# WHAT YOU NEED TO DO
Could you filter the data below down to the lines that hold the word "paired"?

====================

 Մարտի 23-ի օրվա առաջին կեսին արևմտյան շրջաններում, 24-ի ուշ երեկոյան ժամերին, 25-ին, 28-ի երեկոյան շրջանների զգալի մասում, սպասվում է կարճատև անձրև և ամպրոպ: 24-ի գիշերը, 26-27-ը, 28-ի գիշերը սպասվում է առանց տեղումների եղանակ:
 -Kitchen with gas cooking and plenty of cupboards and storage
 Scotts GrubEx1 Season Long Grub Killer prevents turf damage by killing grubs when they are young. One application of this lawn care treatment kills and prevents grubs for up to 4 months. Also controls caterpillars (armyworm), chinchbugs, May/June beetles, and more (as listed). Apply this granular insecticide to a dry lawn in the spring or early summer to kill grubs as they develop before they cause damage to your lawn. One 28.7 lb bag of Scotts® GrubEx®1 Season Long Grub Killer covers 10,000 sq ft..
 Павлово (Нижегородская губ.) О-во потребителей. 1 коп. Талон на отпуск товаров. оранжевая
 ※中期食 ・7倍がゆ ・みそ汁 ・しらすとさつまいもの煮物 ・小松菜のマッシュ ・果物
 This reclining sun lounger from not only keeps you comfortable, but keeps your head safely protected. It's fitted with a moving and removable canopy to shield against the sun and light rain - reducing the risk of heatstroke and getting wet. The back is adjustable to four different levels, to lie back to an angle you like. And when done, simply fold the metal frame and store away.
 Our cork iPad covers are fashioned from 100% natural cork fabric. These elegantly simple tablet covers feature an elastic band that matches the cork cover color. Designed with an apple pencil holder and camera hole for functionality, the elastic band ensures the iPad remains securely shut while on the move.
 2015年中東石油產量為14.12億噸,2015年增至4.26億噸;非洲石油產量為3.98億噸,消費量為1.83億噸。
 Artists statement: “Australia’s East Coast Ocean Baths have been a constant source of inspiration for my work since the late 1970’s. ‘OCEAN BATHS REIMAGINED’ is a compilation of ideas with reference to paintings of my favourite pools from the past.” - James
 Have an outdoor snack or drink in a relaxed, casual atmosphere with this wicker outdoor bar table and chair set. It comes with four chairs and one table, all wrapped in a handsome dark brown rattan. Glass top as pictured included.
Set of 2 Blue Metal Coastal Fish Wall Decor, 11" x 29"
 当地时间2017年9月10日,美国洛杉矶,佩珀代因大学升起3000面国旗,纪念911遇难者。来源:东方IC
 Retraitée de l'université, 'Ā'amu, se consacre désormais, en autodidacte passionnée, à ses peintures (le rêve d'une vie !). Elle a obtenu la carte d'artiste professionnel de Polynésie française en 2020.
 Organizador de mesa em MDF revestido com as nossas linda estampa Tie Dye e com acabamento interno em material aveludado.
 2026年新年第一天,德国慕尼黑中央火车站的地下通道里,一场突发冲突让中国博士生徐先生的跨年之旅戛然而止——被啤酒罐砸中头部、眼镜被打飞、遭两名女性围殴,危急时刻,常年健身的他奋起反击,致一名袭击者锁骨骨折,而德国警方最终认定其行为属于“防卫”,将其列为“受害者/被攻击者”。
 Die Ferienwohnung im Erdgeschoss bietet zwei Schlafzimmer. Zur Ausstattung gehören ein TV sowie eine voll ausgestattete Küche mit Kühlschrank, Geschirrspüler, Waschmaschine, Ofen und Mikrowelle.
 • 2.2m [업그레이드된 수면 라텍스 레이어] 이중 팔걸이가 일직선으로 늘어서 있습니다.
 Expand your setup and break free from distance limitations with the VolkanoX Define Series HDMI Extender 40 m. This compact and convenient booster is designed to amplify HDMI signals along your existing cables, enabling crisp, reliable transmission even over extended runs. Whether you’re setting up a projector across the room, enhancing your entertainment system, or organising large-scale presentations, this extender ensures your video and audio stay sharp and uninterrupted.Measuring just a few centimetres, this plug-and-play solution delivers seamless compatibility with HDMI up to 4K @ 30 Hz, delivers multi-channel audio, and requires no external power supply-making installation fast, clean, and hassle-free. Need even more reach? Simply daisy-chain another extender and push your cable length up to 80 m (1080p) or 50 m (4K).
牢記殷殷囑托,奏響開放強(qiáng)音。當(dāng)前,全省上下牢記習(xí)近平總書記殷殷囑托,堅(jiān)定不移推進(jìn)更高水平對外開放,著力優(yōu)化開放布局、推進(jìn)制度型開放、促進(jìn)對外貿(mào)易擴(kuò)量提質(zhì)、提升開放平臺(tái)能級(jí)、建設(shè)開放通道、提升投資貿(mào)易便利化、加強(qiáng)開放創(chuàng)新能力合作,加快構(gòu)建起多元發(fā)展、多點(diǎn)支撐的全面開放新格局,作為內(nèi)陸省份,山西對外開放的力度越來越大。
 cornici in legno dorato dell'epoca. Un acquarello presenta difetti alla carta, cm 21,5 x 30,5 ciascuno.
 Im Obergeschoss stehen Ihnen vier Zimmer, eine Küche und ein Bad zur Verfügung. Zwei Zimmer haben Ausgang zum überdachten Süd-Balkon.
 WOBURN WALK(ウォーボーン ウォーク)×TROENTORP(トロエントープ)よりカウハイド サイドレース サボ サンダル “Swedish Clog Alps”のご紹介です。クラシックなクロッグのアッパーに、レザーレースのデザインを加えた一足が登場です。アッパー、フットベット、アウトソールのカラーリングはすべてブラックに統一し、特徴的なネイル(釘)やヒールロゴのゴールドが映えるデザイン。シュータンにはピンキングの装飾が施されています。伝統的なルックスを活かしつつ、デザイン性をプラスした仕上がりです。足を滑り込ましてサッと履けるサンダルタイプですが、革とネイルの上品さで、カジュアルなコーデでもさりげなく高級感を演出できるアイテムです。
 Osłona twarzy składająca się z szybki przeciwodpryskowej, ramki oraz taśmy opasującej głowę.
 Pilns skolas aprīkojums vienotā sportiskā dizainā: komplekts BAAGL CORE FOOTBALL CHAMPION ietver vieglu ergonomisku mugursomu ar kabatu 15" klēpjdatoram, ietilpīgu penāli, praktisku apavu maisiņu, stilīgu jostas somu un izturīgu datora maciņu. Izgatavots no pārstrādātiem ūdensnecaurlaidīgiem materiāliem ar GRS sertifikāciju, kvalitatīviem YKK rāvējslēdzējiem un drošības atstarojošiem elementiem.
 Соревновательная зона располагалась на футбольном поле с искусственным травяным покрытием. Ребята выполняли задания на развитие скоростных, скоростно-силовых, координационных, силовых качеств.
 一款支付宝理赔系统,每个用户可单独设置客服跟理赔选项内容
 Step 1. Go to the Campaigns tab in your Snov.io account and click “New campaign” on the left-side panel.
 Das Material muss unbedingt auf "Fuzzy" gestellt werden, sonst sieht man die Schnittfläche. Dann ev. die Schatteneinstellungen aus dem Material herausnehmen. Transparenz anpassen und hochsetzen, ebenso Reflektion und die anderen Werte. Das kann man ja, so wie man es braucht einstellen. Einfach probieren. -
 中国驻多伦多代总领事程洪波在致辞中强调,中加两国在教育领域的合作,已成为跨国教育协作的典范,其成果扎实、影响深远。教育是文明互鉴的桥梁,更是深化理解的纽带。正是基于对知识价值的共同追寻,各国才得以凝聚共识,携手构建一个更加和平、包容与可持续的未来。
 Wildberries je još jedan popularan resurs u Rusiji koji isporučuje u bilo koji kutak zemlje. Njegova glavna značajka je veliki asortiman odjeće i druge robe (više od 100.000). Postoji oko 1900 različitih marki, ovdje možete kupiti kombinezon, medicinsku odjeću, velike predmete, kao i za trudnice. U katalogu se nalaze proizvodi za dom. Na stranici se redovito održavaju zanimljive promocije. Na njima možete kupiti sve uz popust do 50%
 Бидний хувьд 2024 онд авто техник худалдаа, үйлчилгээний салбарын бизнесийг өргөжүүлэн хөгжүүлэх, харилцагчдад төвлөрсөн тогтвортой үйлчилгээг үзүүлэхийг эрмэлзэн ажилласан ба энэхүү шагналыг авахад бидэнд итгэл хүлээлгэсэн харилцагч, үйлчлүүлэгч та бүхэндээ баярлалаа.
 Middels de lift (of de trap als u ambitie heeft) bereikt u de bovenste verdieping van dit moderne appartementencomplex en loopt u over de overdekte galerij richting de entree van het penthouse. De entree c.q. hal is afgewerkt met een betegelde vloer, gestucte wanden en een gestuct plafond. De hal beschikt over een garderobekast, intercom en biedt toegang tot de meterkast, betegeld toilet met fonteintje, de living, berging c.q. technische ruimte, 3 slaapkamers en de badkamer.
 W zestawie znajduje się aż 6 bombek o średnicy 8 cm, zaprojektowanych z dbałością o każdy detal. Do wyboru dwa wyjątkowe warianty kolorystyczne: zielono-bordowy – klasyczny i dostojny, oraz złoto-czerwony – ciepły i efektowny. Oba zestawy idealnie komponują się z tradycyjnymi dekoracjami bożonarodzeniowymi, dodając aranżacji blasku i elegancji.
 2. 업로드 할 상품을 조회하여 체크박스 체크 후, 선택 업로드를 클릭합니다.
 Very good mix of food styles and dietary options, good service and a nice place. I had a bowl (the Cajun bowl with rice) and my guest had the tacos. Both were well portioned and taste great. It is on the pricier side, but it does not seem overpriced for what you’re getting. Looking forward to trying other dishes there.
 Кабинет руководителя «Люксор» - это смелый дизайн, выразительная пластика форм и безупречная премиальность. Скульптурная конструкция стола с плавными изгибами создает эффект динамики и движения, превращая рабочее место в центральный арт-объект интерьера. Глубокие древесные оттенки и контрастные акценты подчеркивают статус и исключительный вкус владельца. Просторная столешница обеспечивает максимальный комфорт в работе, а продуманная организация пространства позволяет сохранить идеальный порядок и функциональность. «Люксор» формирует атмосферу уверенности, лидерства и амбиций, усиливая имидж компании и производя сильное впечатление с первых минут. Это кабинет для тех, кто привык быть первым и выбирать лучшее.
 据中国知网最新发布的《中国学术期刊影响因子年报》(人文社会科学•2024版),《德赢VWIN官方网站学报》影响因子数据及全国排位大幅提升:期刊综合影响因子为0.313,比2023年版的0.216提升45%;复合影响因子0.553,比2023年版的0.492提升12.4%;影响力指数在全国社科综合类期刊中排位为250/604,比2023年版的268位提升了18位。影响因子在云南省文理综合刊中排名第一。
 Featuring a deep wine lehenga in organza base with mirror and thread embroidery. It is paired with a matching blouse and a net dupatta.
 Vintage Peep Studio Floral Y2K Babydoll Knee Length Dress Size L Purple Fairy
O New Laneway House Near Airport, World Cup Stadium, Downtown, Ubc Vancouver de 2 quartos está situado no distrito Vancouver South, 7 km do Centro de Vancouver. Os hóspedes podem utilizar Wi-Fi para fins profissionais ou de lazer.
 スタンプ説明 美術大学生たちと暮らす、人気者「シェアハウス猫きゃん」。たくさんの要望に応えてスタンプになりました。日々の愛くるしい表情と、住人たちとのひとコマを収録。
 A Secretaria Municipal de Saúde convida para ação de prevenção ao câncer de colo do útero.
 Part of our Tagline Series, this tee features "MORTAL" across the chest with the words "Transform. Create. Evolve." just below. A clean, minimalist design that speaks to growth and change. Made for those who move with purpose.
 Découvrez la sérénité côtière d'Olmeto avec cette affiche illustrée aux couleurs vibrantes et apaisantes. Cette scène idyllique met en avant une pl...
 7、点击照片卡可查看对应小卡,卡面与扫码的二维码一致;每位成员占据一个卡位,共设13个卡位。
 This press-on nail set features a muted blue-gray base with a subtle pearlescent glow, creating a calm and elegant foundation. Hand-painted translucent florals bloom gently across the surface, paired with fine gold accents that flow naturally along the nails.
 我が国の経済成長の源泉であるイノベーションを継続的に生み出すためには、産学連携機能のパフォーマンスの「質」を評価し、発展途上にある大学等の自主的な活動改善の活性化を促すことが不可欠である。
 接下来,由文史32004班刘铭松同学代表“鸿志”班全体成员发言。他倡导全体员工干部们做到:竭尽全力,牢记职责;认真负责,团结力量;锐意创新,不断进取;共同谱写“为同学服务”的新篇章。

====================

# EXPECTED ANSWER
 Featuring a deep wine lehenga in organza base with mirror and thread embroidery. It is paired with a matching blouse and a net dupatta.
 This press-on nail set features a muted blue-gray base with a subtle pearlescent glow, creating a calm and elegant foundation. Hand-painted translucent florals bloom gently across the surface, paired with fine gold accents that flow naturally along the nails.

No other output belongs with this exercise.